Apr 27 22:28:28 server.name ziti[13143]: {"error":"no api session found for token [....ab1476], subjects [[CN=EJcj8MF8e,O=NetFoundry,C=US CN=NetFoundry Inc. Intermediate CA yXPqI1xuf,OU=ADV-DEV,O=NetFoundry,L=Charlotte,C=US]]","file":"github.com/openziti/channel/v3@v3.0.39/impl.go:124","func":"github.com/openziti/channel/v3.AcceptNextChannel.func1","level":"error","msg":"failure accepting channel edge with underlay u{classic}-\u003ei{EJcj8MF8e/Lbya}","time":"2025-04-27T22:28:28.169Z"}
Apr 27 22:29:41 server.name ziti[13143]: {"error":"token is unverifiable: error while executing keyfunc: public key not found","file":"github.com/openziti/ziti/router/state/manager.go:715","func":"github.com/openziti/ziti/router/state.(*ManagerImpl).GetApiSession","level":"error","msg":"JWT validation failed","time":"2025-04-27T22:29:41.414Z"}
Apr 27 22:29:41 server.name ziti[13143]: {"error":"token is unverifiable: error while executing keyfunc: public key not found","file":"github.com/openziti/ziti/router/state/manager.go:715","func":"github.com/openziti/ziti/router/state.(*ManagerImpl).GetApiSession","level":"error","msg":"JWT validation failed","time":"2025-04-27T22:29:41.543Z"}
Apr 27 22:29:41 server.name ziti[13143]: {"error":"token is unverifiable: error while executing keyfunc: public key not found","file":"github.com/openziti/ziti/router/state/manager.go:715","func":"github.com/openziti/ziti/router/state.(*ManagerImpl).GetApiSession","level":"error","msg":"JWT validation failed","time":"2025-04-27T22:29:41.800Z"}
Apr 27 22:29:42 server.name ziti[13143]: {"error":"token is unverifiable: error while executing keyfunc: public key not found","file":"github.com/openziti/ziti/router/state/manager.go:715","func":"github.com/openziti/ziti/router/state.(*ManagerImpl).GetApiSession","level":"error","msg":"JWT validation failed","time":"2025-04-27T22:29:42.313Z"}
Apr 27 22:29:43 server.name ziti[13143]: {"error":"token is unverifiable: error while executing keyfunc: public key not found","file":"github.com/openziti/ziti/router/state/manager.go:715","func":"github.com/openziti/ziti/router/state.(*ManagerImpl).GetApiSession","level":"error","msg":"JWT validation failed","time":"2025-04-27T22:29:43.338Z"}

zrok is not yet updated to run HA OpenZiti.

It works 5 mins then It stops and I need to restart the router.

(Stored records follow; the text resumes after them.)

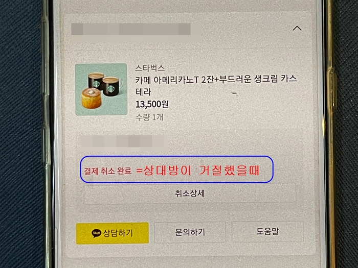 '구매 결정 사용 완료'는 선물을 받았다는 뜻이며 '결제 취소 완료'는 상대방이 선물을 거절했을 때 나타나는 문구입니다
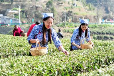 近年来,宜昌夷陵区通过建设三峡茶谷,打造三峡茶旅小镇,助推茶旅融合发展。坚持实施生态茶园和洁净化生产等集成技术,形成了“低山早市茶、高山优质茶”持续采摘的多元化布局,全区以“一个产业+企业引领+骨干支撑”为目标,培育出省级以上农业产业化重点龙头企业17家、省级以上示范合作社23家。目前,该区发展茶叶面积23.3万亩,年产量3.54万吨,年产值17.6亿元,共有10万茶农在茶产业中增收致富。(视界网 张国荣 摄)
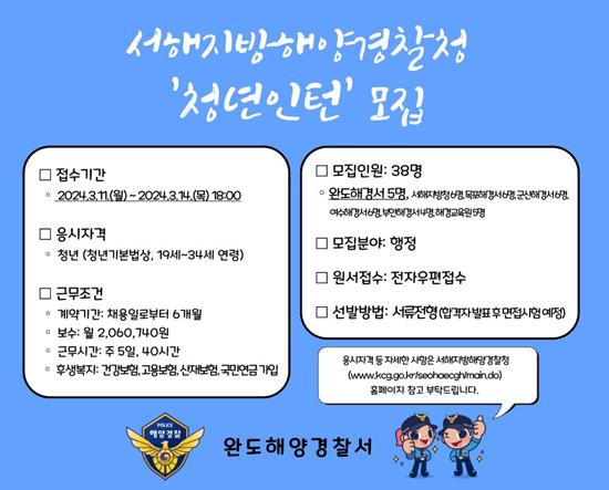 완도해양경찰서는 오는 3월 11일부터 14일까지 공공부문 청년정책 활성화를 위해 청년인턴을 모집한다고 5일 밝혔다.
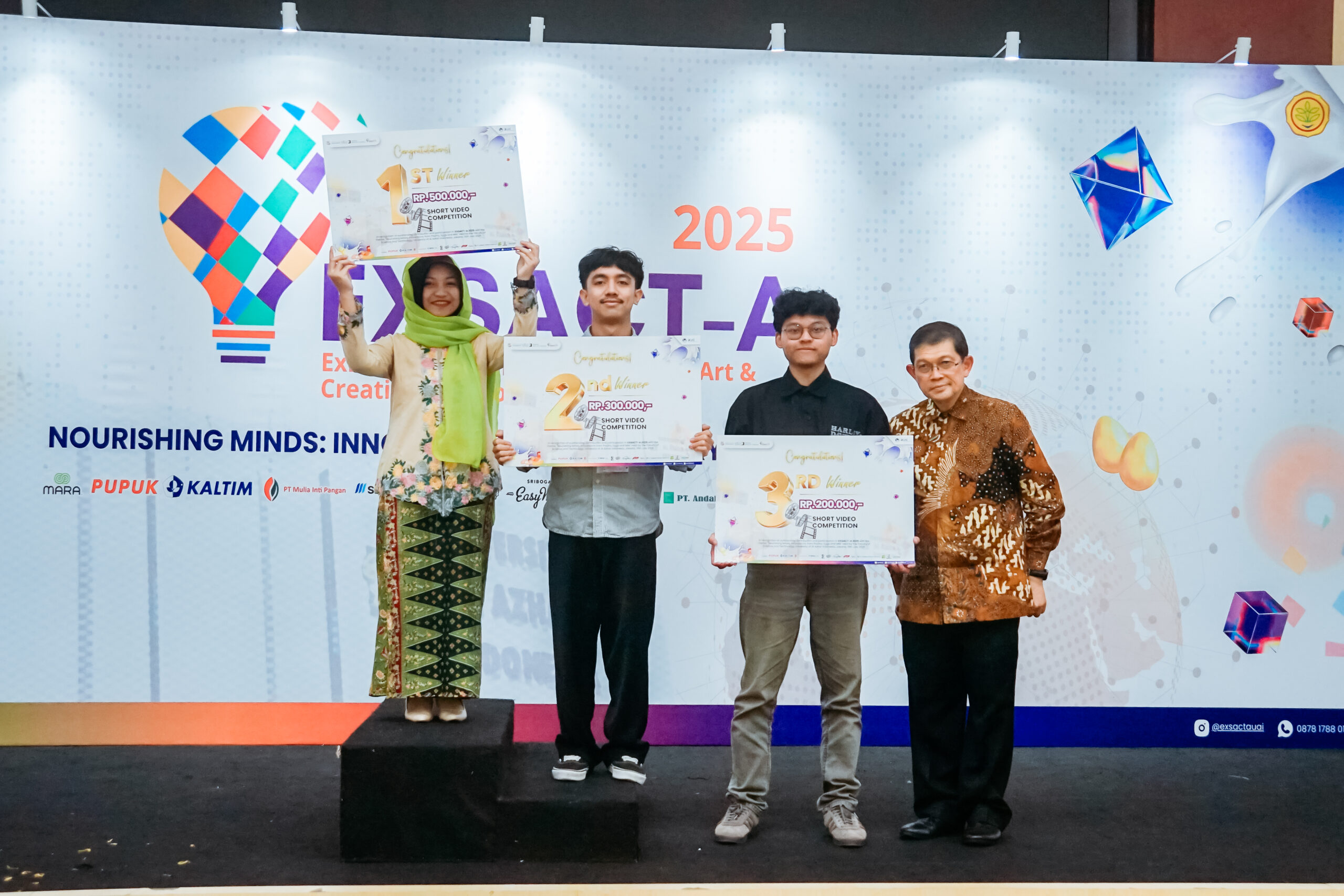 Selain seminar internasional, EXSACT-A 2025 menghadirkan beragam kompetisi seperti Short Video Competition, Photography Competition, Paper Presentation (Pararell Session), Lomba dan Pameran Produk Inovasi, serta pertunjukan seni budaya (Art & Culture Performance) yang diikuti oleh para mahasiswa. Berikut adalah para pemenang dari masing-masing kategori:

Ziti starts to lose the terminators:
ziti-router's log

Apr 28 13:03:52 ziti[1058949]: {"_context":"ch{edge}-\u003eu{classic}-\u003ei{eUSQm1C0R/YBkz}","chSeq":1,"connId":1,"edgeSeq":0,"file":"github.com/openziti/ziti/router/xgress_edge/listener.go:286","func":"github.com/openziti/ziti/router/xgress_edge.(*edgeClientConn).processBind","level":"error","msg":"no controller available, cannot create terminator","routerId":"lDR4m1zF1q","time":"2025-04-28T13:03:52.511Z","token"....type":"EdgeBindType"}
Apr 28 13:03:52 ziti[1058949]: {"connId":2,"file":"github.com/openziti/ziti/router/xgress_edge/listener.go:558","func":"github.com/openziti/ziti/router/xgress_edge.(*edgeClientConn).processUnbind","level":"info","msg":"no terminator found to unbind for token","time":"2025-04-28T13:03:52.516Z","token"....

It's not currently expected to operate with an HA controller.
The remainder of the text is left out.